**Dataset items**:
•••

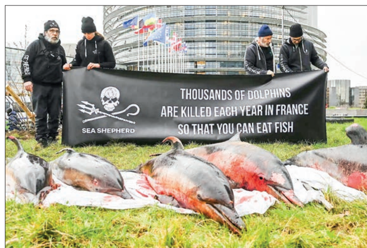
Members of the Sea Shepherd Conservation Society (SSCS) NGO hold a banner behind dead dolphins retrieved in the sea during a demonstration to denounce non-selective fishing in front of the European Parliament, in Strasbourg, eastern France, on 14 March 2023.

AT least 910 dolphins have washed up on France's Atlantic coast since the start of the winter, an oceanographic institute reported Friday.
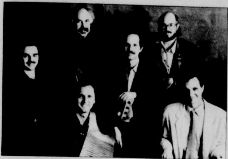
Beausoleil is one of the many groups playing at the Cuthbert Amphitheater this summer.
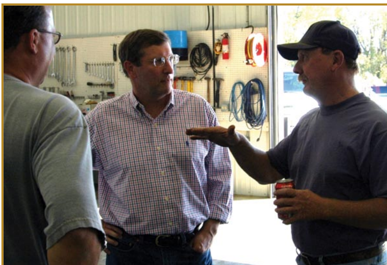
Senator Conrad talks with farmers about his ag disaster legislation.

Senator Conrad hopes an expanded farm disaster bill will bring relief to North Dakota's farm families this fall. "I've visited with North Dakota farmers and ranchers and walked their fields. They've been battered by bad weather. They need our help and they need it now," Senator Conrad says.
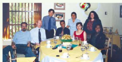
Controlled Chemicals Group
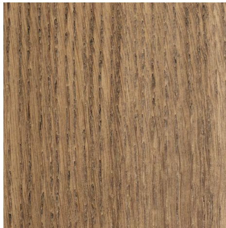
Smooth brown oak with matte finish
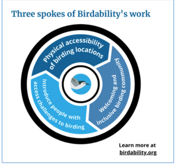
Graphic from the Birdability website. Birdability's mission is threefold, ensuring birding is inclusive, accessible, and welcoming to all.

face when they venture outside to bird. Perhaps you use a walker and also have impaired vision. Is the trail flat? Are there steps? Is there a bathroom you can access easily? Will you find a handicapped parking spot? If you're not sure about the answers to any or all of these questions, you might just decide to stay home rather than risk disappointment or an unsafe experience.
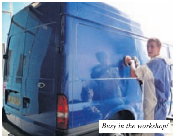
Busy in the workshop!
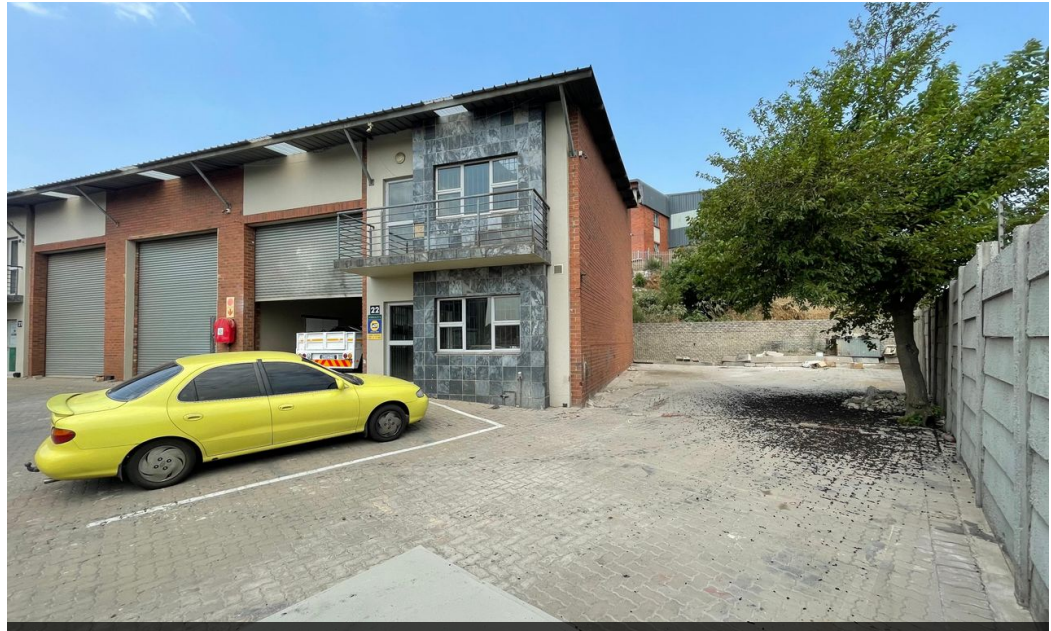
Web Ref WB205CBFS

Office 40A Eden Meadows Complex 1 Van Riebeeck Avenue Greenstone 1609
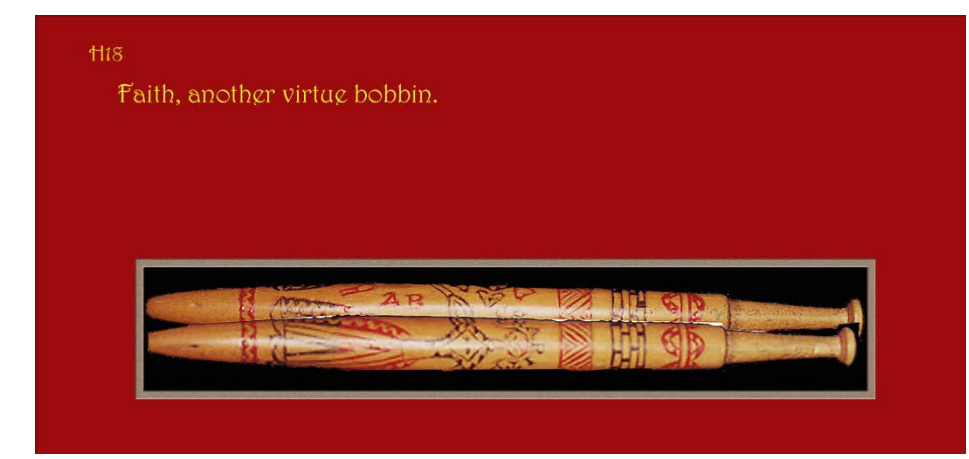
Part 1. Primitive inclusions

I am doing this in two galleries, firstly those that include an article of somewhat primitive art within an otherwise traditionally decorated bobbin, and secondly those I think are primitive within the whole of their concept.
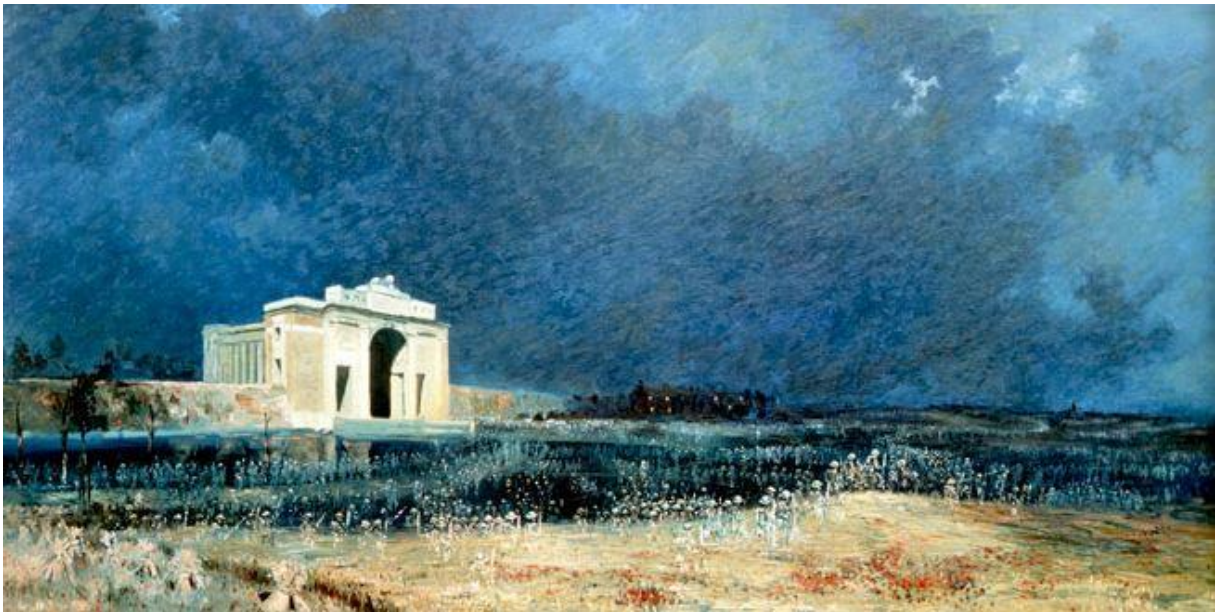
Menin Gate at Midnight by Will Longstaff 1927 AWM Canberra
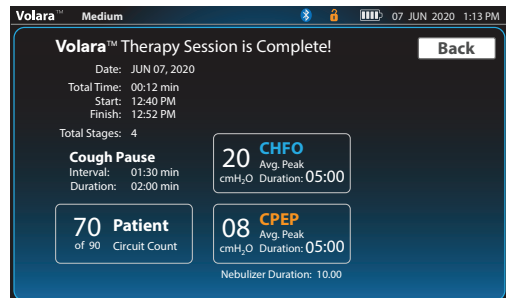
A synopsis is displayed after session is completed, including duration of therapy, review of each therapy stage and number of times the circuit is used.
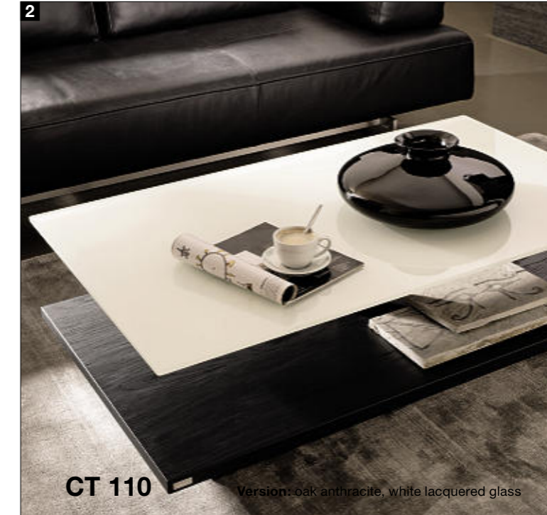
CT 110 Version: oak anthracite, white lacquered glass
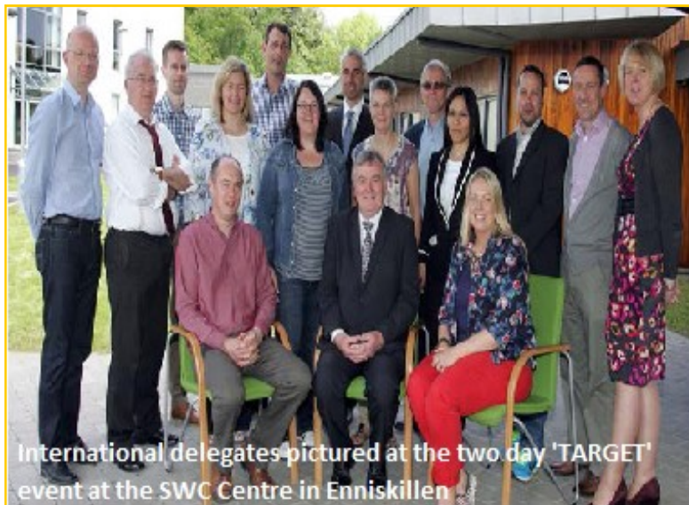
International delegates pictured at the two day 'TARGET' event at the SWC Centre in Enniskillen
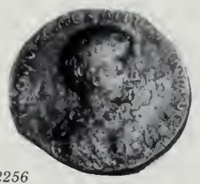
Lot No. 2256

Annius Verus and Commodus. Æ 29. Draped and bare-headed bust of Annius Verus l. Rv. Draped and bare-headed bust of Commodus as a boy. Gnecchi Pl.151.8. Dark brown-black patina, pitted. Very Good. Extremely rare. (700–900)
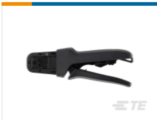
TE Part #DTT-20-03 CRIMP TOOL
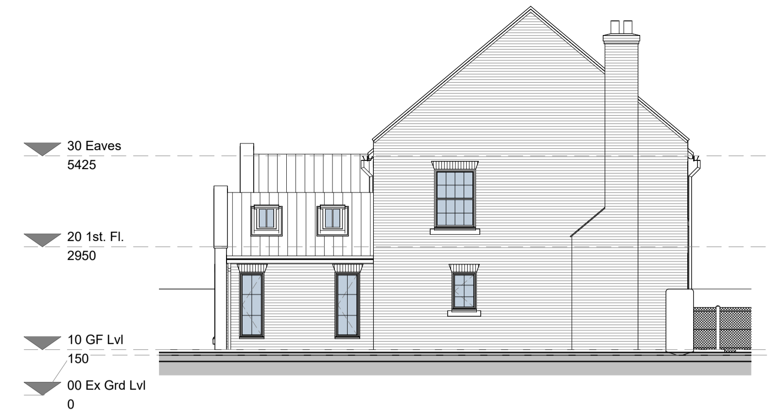
West Elevation 1 : 100
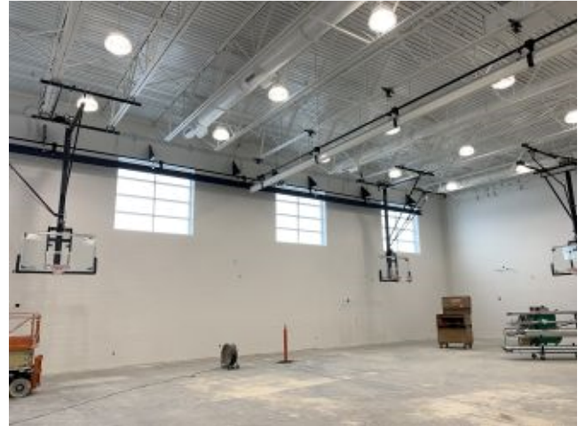
2022.05.26 – Backboards, divider, and archery net installed
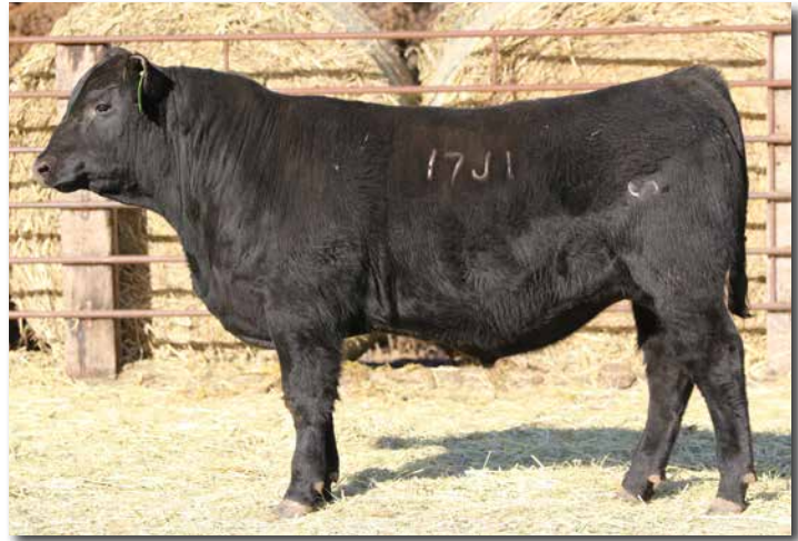
LSS JACKPOT 17J1 Sells as Lot 29.
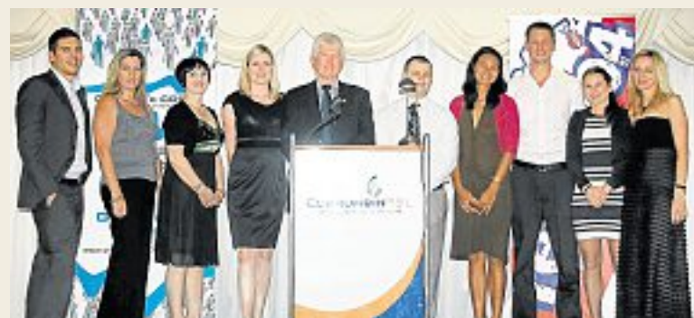
BUSINESS'S BEST: 2011's Creek to Creek Chamber of Commerce award winners.

MyCareer .com.au incorporating search 4 jobs
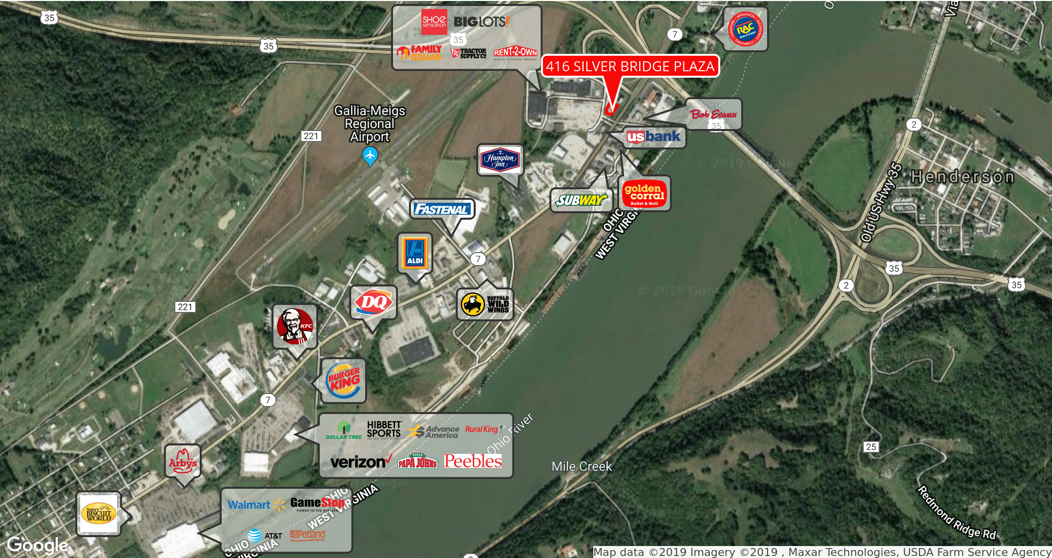
Map data ©2019 Imagery ©2019 , Maxar Technologies, USDA Farm Service Agency

416 Silver Bridge Plaza , Gallipolis, OH 45631
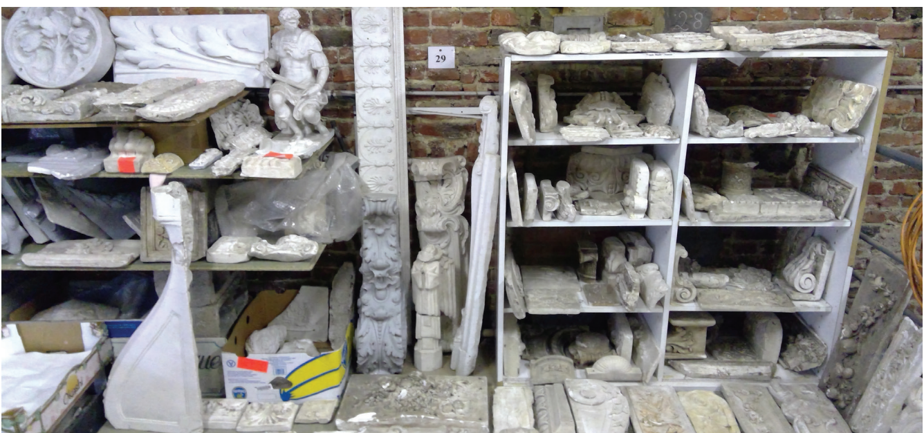
Figure 7.- The collection.
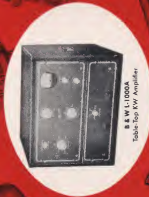
B & W L-1000A Table-Top KW Amplifier
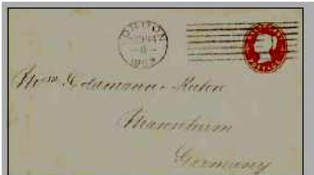
Fig. 26 — ‘International Machine’ postmark on a 14 September 1893 (only known example having this latest-known usage date), postal stationery envelope to Germany. Halfpenny printed-matter rate to Germany.

The postmark applied by the ‘International Machine’ had a 22 mm diameter single-circle daterial along with a seven-line (52 mm length) obliterator having the numeral ‘1’ on the right-side.
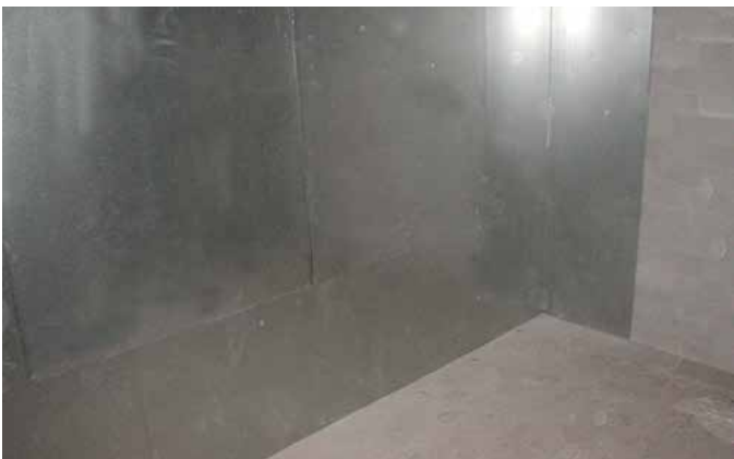
Magnetic field strength measurement

MuFerro combines permeable and satiety characteristics wich makes it extremely suitable for screening low-frequent magnetic fields.
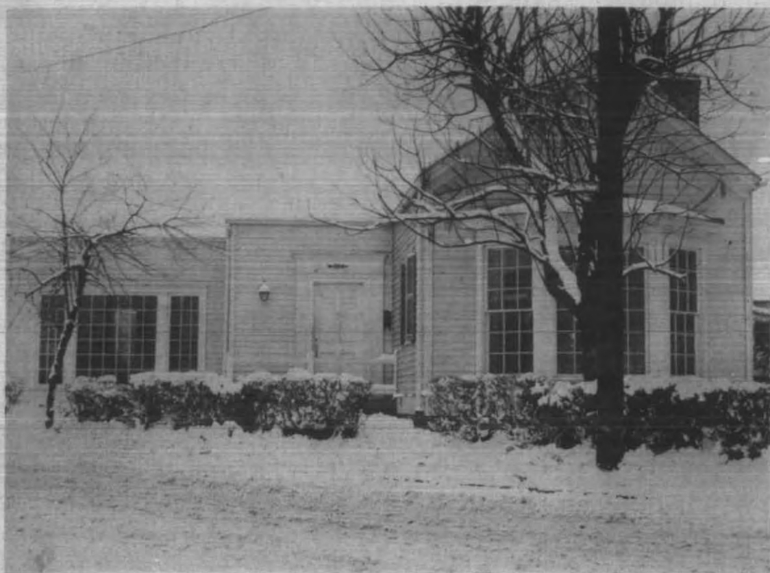
WINTER IN THE NEW KENTUCKY ALPHA HOME
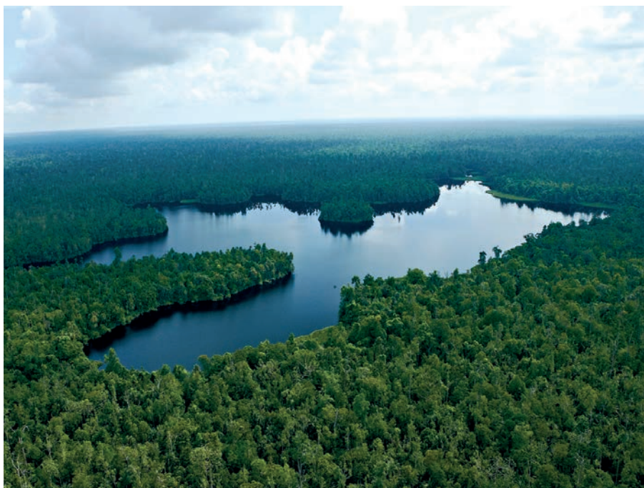
Peatland Forest on the Kampar Peninsula, Sumatra

Case studies are available at globalagribusinessalliance.com
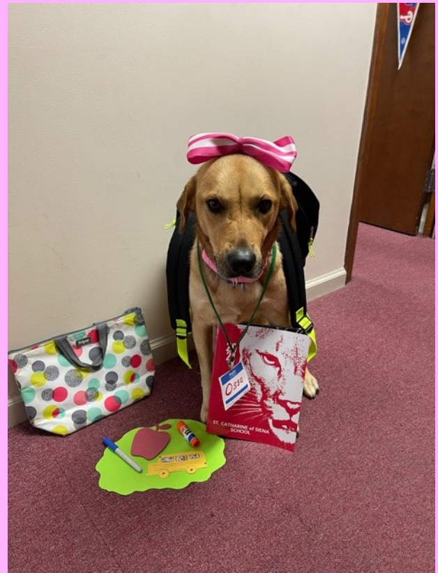
Ossa is ready to start school! She wants everyone to stay safe!
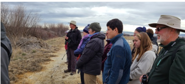
Waiting for the Rail

cattails. Swallows of various species should have arrived, flitting low over the water hawking insects. We'll walk 1.5-2 miles on a dike track encircling the ponds on the lookout for other birds like Yellow-headed Blackbird. Raptors should be about, too. Expect to be homeward bound by about noon or so. Dress for the weather and bring footwear you don't mind getting a little muddy. Contact Andy Stepniewski at steppie@nwinfo.net to sign-up and receive more details and meeting location.
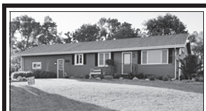
55465 Hwy 121 Crofton, NE
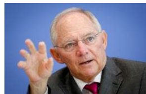
Wolfgang Schaeuble (CDU), Minister of Finance

Government representative for culture and media
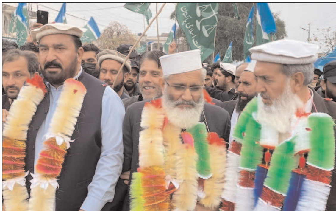
LOWER DIR: JI Chief Sirajul Haq and other party members coming after submitting of nomination papers for general elections.

He said that the people have faced "selected government" in past and they will not tolerate any such move in the future. "If the selection process is adopted this time, the nation will not accept it because now the majority of the population is comprised of young people who will not accept a 'selected' government," he added.
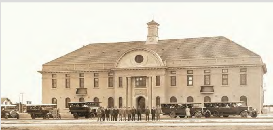
Above: Burnside Town Hall 1928
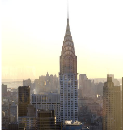
2 – Chrysler Building
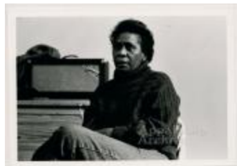
Coalmining Women production still (1- 18CMWM-1-4.jpg)
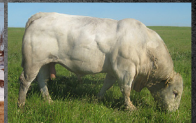
WESTWINDS WORKMAN 94W
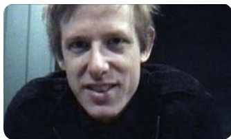
Britt Daniel of Spoon

Today, with dozens of interviews online, Cooking with Rockstars is going strong, providing indie musicians an outlet for music promotion and fans a way to get to know their favorite artists' more personal sides.
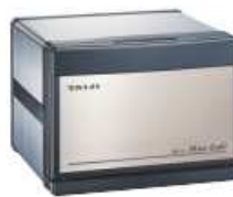
HC-6 (SUS) Stainless steel

•••

**Task item**: Your task is to reproduce every record exactly while omitting the pictures.

**Your response**:
Members of the Sea Shepherd Conservation Society (SSCS) NGO hold a banner behind dead dolphins retrieved in the sea during a demonstration to denounce non-selective fishing in front of the European Parliament, in Strasbourg, eastern France, on 14 March 2023.

AT least 910 dolphins have washed up on France's Atlantic coast since the start of the winter, an oceanographic institute reported Friday.
Beausoleil is one of the many groups playing at the Cuthbert Amphitheater this summer.
Senator Conrad talks with farmers about his ag disaster legislation.

Senator Conrad hopes an expanded farm disaster bill will bring relief to North Dakota's farm families this fall. "I've visited with North Dakota farmers and ranchers and walked their fields. They've been battered by bad weather. They need our help and they need it now," Senator Conrad says.
Controlled Chemicals Group
Smooth brown oak with matte finish
Graphic from the Birdability website. Birdability's mission is threefold, ensuring birding is inclusive, accessible, and welcoming to all.

face when they venture outside to bird. Perhaps you use a walker and also have impaired vision. Is the trail flat? Are there steps? Is there a bathroom you can access easily? Will you find a handicapped parking spot? If you're not sure about the answers to any or all of these questions, you might just decide to stay home rather than risk disappointment or an unsafe experience.
Busy in the workshop!
Web Ref WB205CBFS

Office 40A Eden Meadows Complex 1 Van Riebeeck Avenue Greenstone 1609
Part 1. Primitive inclusions

I am doing this in two galleries, firstly those that include an article of somewhat primitive art within an otherwise traditionally decorated bobbin, and secondly those I think are primitive within the whole of their concept.
Menin Gate at Midnight by Will Longstaff 1927 AWM Canberra
A synopsis is displayed after session is completed, including duration of therapy, review of each therapy stage and number of times the circuit is used.
CT 110 Version: oak anthracite, white lacquered glass
International delegates pictured at the two day 'TARGET' event at the SWC Centre in Enniskillen
Lot No. 2256

Annius Verus and Commodus. Æ 29. Draped and bare-headed bust of Annius Verus l. Rv. Draped and bare-headed bust of Commodus as a boy. Gnecchi Pl.151.8. Dark brown-black patina, pitted. Very Good. Extremely rare. (700–900)
TE Part #DTT-20-03 CRIMP TOOL
West Elevation 1 : 100
2022.05.26 – Backboards, divider, and archery net installed
LSS JACKPOT 17J1 Sells as Lot 29.
BUSINESS'S BEST: 2011's Creek to Creek Chamber of Commerce award winners.

MyCareer .com.au incorporating search 4 jobs
Map data ©2019 Imagery ©2019 , Maxar Technologies, USDA Farm Service Agency

416 Silver Bridge Plaza , Gallipolis, OH 45631
Figure 7.- The collection.
B & W L-1000A Table-Top KW Amplifier
Fig. 26 — ‘International Machine’ postmark on a 14 September 1893 (only known example having this latest-known usage date), postal stationery envelope to Germany. Halfpenny printed-matter rate to Germany.

The postmark applied by the ‘International Machine’ had a 22 mm diameter single-circle daterial along with a seven-line (52 mm length) obliterator having the numeral ‘1’ on the right-side.
Magnetic field strength measurement

MuFerro combines permeable and satiety characteristics wich makes it extremely suitable for screening low-frequent magnetic fields.
WINTER IN THE NEW KENTUCKY ALPHA HOME
Peatland Forest on the Kampar Peninsula, Sumatra

Case studies are available at globalagribusinessalliance.com
Ossa is ready to start school! She wants everyone to stay safe!
Waiting for the Rail

cattails. Swallows of various species should have arrived, flitting low over the water hawking insects. We'll walk 1.5-2 miles on a dike track encircling the ponds on the lookout for other birds like Yellow-headed Blackbird. Raptors should be about, too. Expect to be homeward bound by about noon or so. Dress for the weather and bring footwear you don't mind getting a little muddy. Contact Andy Stepniewski at steppie@nwinfo.net to sign-up and receive more details and meeting location.
55465 Hwy 121 Crofton, NE
Wolfgang Schaeuble (CDU), Minister of Finance

Government representative for culture and media
LOWER DIR: JI Chief Sirajul Haq and other party members coming after submitting of nomination papers for general elections.

He said that the people have faced "selected government" in past and they will not tolerate any such move in the future. "If the selection process is adopted this time, the nation will not accept it because now the majority of the population is comprised of young people who will not accept a 'selected' government," he added.
Above: Burnside Town Hall 1928
2 – Chrysler Building
Coalmining Women production still (1- 18CMWM-1-4.jpg)
WESTWINDS WORKMAN 94W
Britt Daniel of Spoon

Today, with dozens of interviews online, Cooking with Rockstars is going strong, providing indie musicians an outlet for music promotion and fans a way to get to know their favorite artists' more personal sides.
HC-6 (SUS) Stainless steel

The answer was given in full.